After the data is loaded, you then need to process and transform your data before putting it into a storage system. These transformations include chunking, extracting metadata, and embedding each chunk.

In [10]:
from llama_index.core import Settings
from llama_index.core import VectorStoreIndex
from llama_index.core.node_parser import SentenceSplitter

# Create a text splitter that splits the text into chunks of 512 characters with an overlap of 10 characters.
# SentenceSplitter tries to keep sentences and paragraphs together.
text_splitter = SentenceSplitter(chunk_size=512, chunk_overlap=10)

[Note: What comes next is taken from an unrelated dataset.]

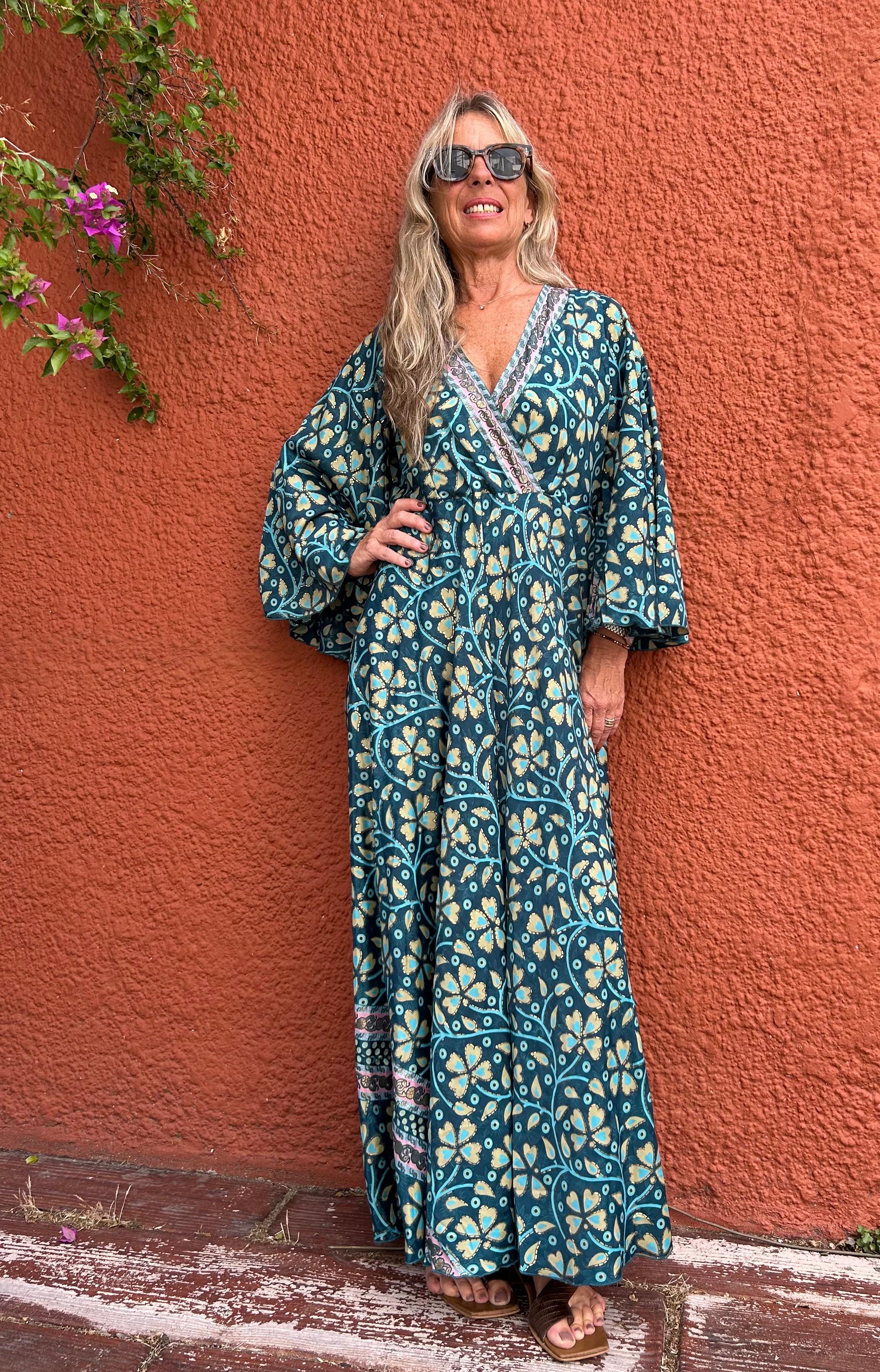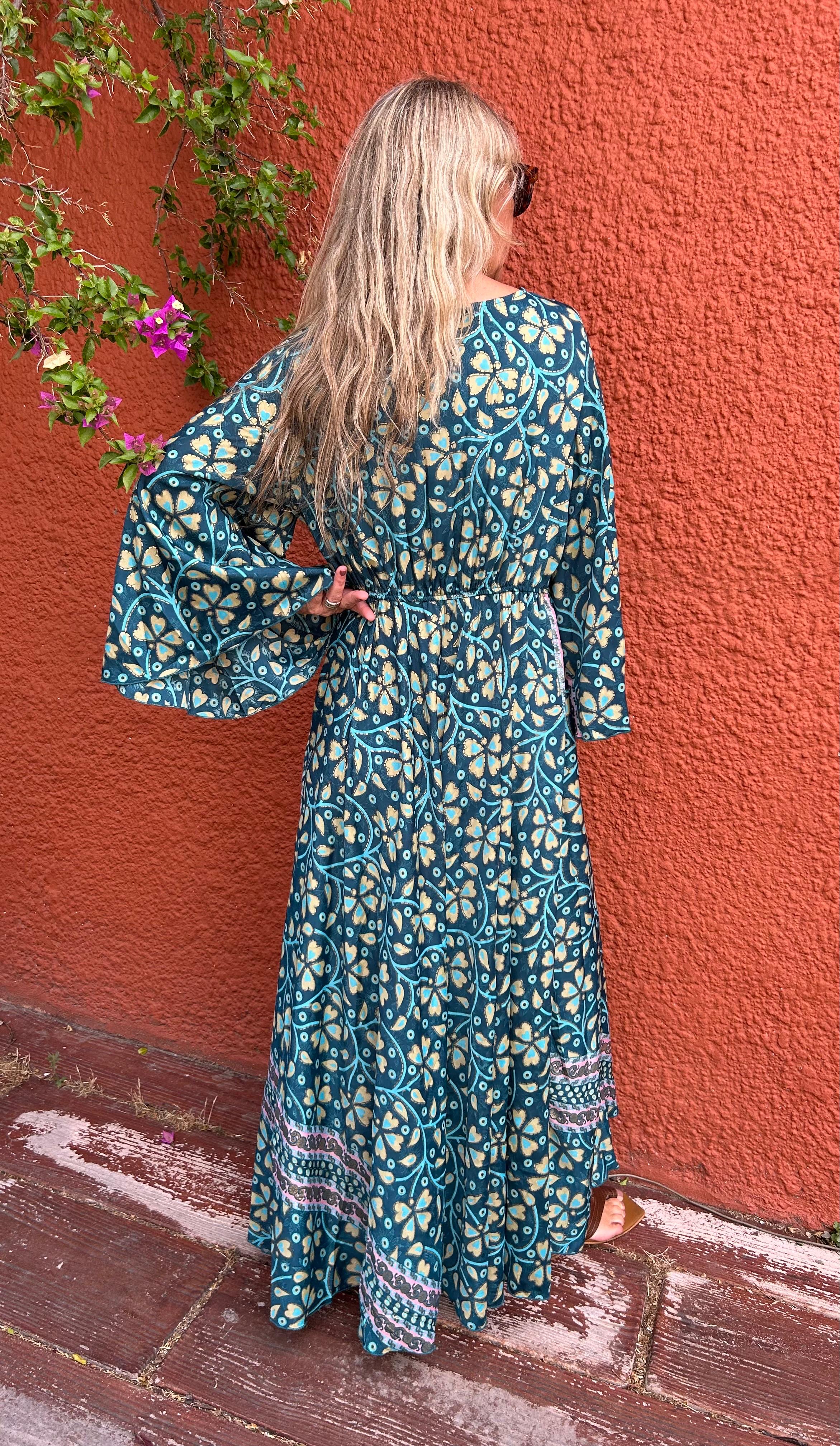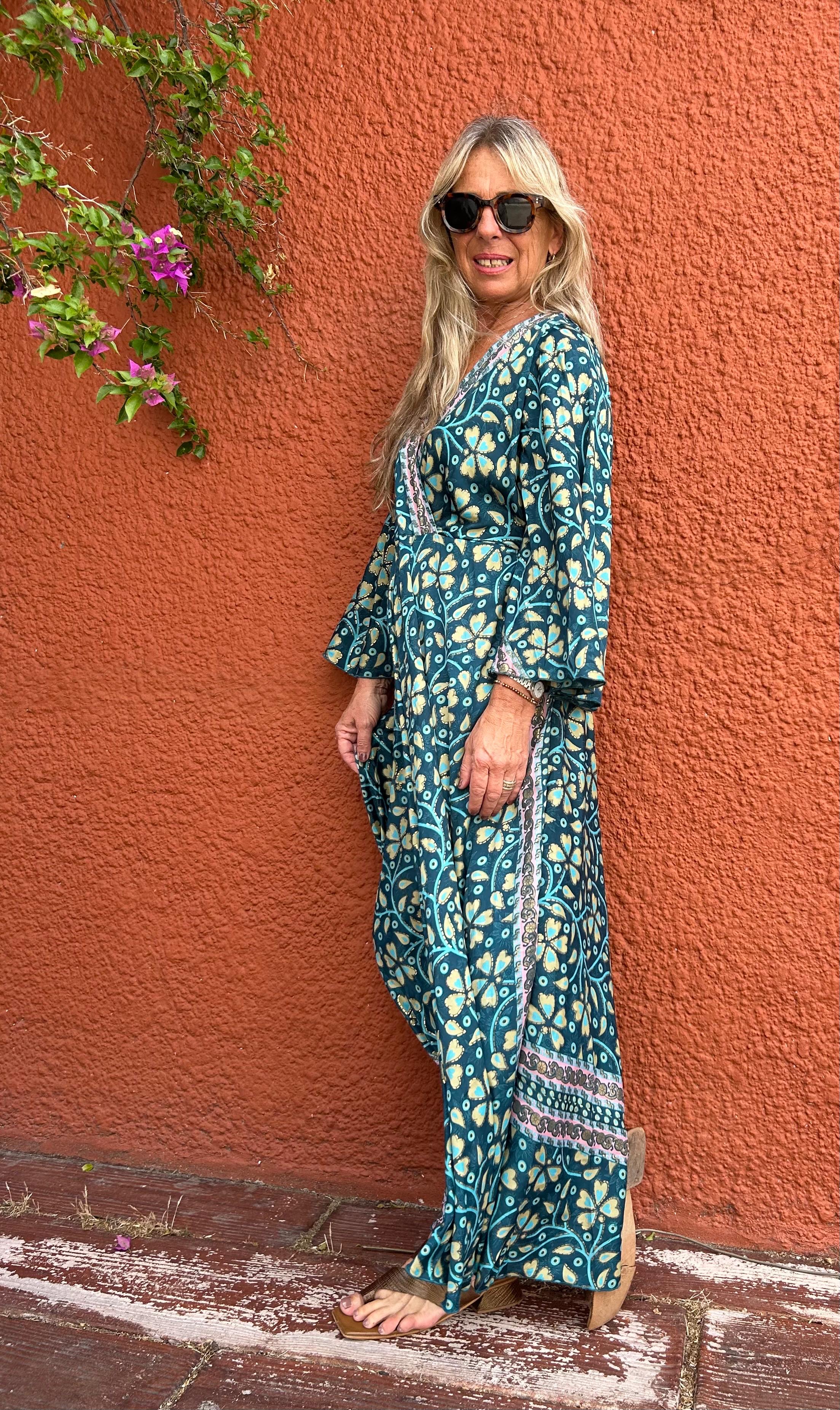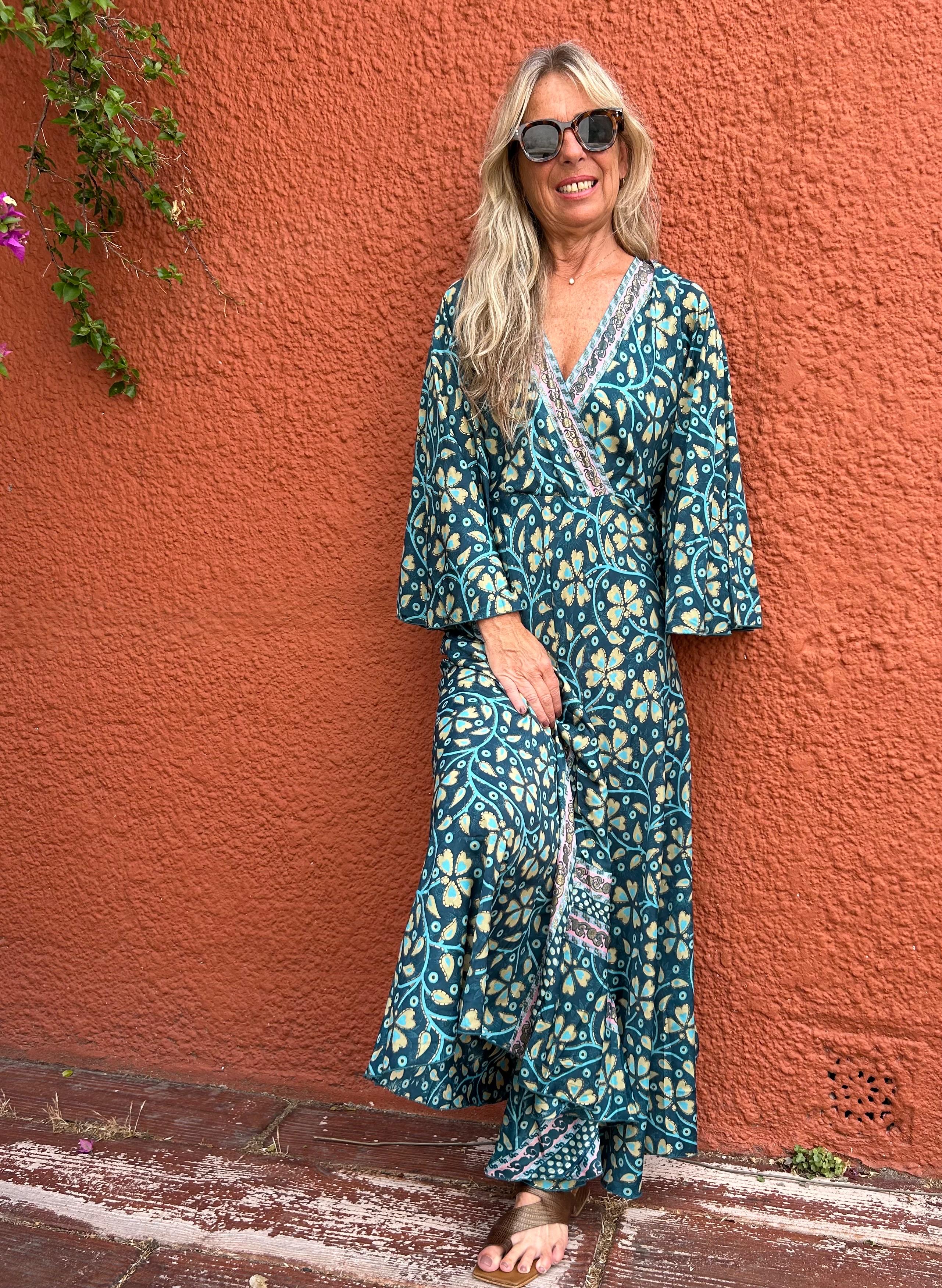 Vestido Boho chic, versión 2026.Mangas 3/4 de seda, fluido y versátil con botas o sandalias.

# Set the text splitter in the settings, globally.
Settings.text_splitter = text_splitter
# Alternative approach to setting the text splitter globally:
# Settings.chunk_size = 512
# Settings.chunk_overlap = 50

# A VectorStoreIndex is by far the most frequent type of Index.
# The Vector Store Index takes your Documents and splits them up into Nodes.
# It then creates vector embeddings of the text of every node, ready to be queried.
index = VectorStoreIndex.from_documents(
    documents, transformations=[text_splitter]
)

In [12]:
# Let's do some introspection on the index!
vector_store_dict = index.vector_store.to_dict()

In [15]:
# As you can see vector store is a storage where you can find the vectors of the documents and original documents.
vector_store_dict.keys()

dict_keys(['embedding_dict', 'text_id_to_ref_doc_id', 'metadata_dict'])

In [16]:
# The mapping from text_id to ref_doc_id is also stored in the vector store.
# I use the very first text_id below as an example.
# this is an example of a dictionary with a sub dictionary!!!
vector_store_dict["text_id_to_ref_doc_id"]

{'fa2af1ae-8dde-446b-9a07-beccff4967d4': '5c900e1d-62bf-4f4a-b4e1-f8497f84805e',
 '2a97e8a6-daf5-4e2e-b3b5-3751d9da187b': '5c900e1d-62bf-4f4a-b4e1-f8497f84805e',
 '7ff4554c-a8c5-45c6-aa06-fb70257266ff': '5c900e1d-62bf-4f4a-b4e1-f8497f84805e',
 'e34882b5-fb32-4bb5-87e8-46f0bb2bb778': '5c900e1d-62bf-4f4a-b4e1-f8497f84805e',
 'bcc7c419-39e7-4b78-9f95-05c6e5e1ee05': '5c900e1d-62bf-4f4a-b4e1-f8497f84805e',
 '87582b65-9560-499b-b05a-c9a678f510f0': '5c900e1d-62bf-4f4a-b4e1-f8497f84805e',
 '86756d86-4691-4273-a78a-7d6dd2977317': '5c900e1d-62bf-4f4a-b4e1-f8497f84805e',
 'b22144a7-9c1d-49c5-8e07-98a2e8091603': '5c900e1d-62bf-4f4a-b4e1-f8497f84805e',
 'b7b39fa5-bbf9-45a6-92bf-8c220ea72d0f': '5c900e1d-62bf-4f4a-b4e1-f8497f84805e',
 '86010ce1-e432-4042-a458-b834241c501d': '5c900e1d-62bf-4f4a-b4e1-f8497f84805e',
 '6bbb6cb1-0b9b-4ae5-9027-161e2f7db186': '5c900e1d-62bf-4f4a-b4e1-f8497f84805e',
 '58c80688-c679-4492-8df4-283f94ccf56c': '5c900e1d-62bf-4f4a-b4e1-f8497f84805e',
 'db124ab8-5873-4c6b-afae-9c

In [None]:
vector_store_dict["embedding_dict"]

In [None]:
# The embedding of the very first text_id is stored in the vector store!
vector_store_dict["embedding_dict"]["fa2af1ae-8dde-446b-9a07-beccff4967d4"]


In [23]:
# Metadata is also stored in the vector store.
vector_store_dict["metadata_dict"]["fa2af1ae-8dde-446b-9a07-beccff4967d4"]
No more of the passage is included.